The timing of the reception was kept to coincide with Iftar, keeping in mind that guests who were fasting would arrive in time to break their fast and then enjoy dinner with their Egyptian hosts — which they did, after a short break for prayers. For those who were not fasting, it was somewhat of a learning experience as Muslim guests explained what the practice involved. Traditional snacks and soft drinks — both Pakistani and Egyptian — were served for Iftari, while dinner was a mix of European and ME cuisine.
A special exhibition of exciting calligraphic art was also inaugurated by the ambassador and the chief guest after dinner — guests trooped up to the Satrang Gallery to view the featured art work by Pakistani artists and then dispersed and went on their way.
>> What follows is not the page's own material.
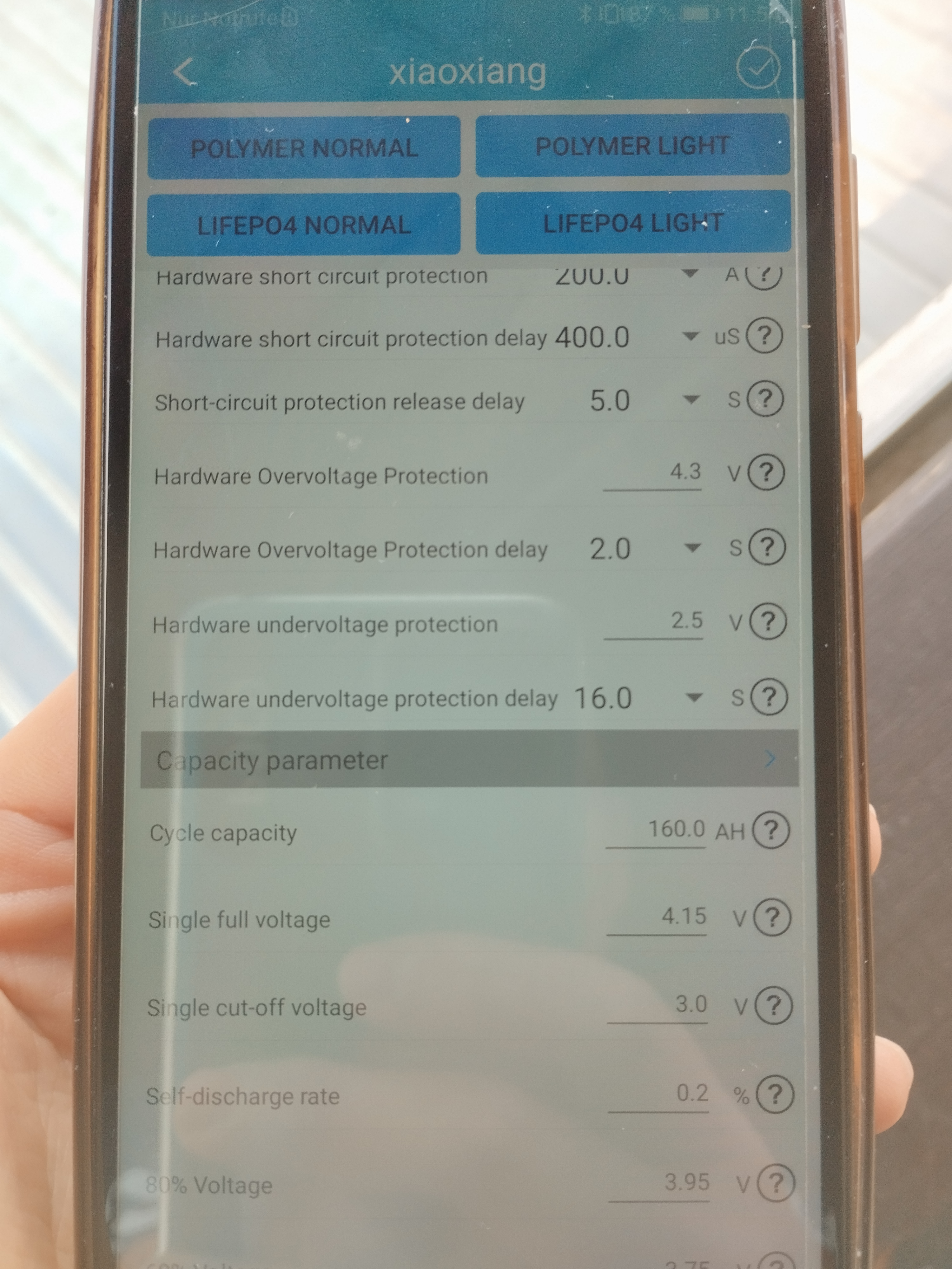Ich denke ja die App hat diese Werte vom BMS bekommen, beim ersten starten/verbinden der App wurden diese Werte direkt angezeig mit der Option confirm und cancel, ich bin auf cancel gegangen da ich mir hier nicht sicher war und nun sehe ich aber diese Werte.

According to information, Egypt has had three revolutions occupied by Great Britain in effect since 1882, Egypt achieved its independence from colonial rule only in the aftermath of sustained protests. In the wake of the 1919 revolution and after two years of stalled negotiations, the British abolished martial law and granted Egypt unilateral nominal independence from colonial rule in February of 1922.
The Egyptian Revolution of 1952 began on 23 July, with a military coup d’état by the Free Officers Movement, a group of army officers led by Muhammad Naguib and Gamal Abdel Nasser. The revolution was initially aimed at overthrowing King Farouk. However, the movement had more political ambitions and soon moved to abolish the constitutional monarchy and aristocracy of Egypt and Sudan, establish a republic, end the British occupation of the country, and secure the independence of Sudan (hitherto governed as an Anglo-Egyptian condominium).
The revolutionary government adopted a staunchly nationalist, anti-imperialist agenda, which came to be expressed chiefly through Arab nationalism, and international non-alignment.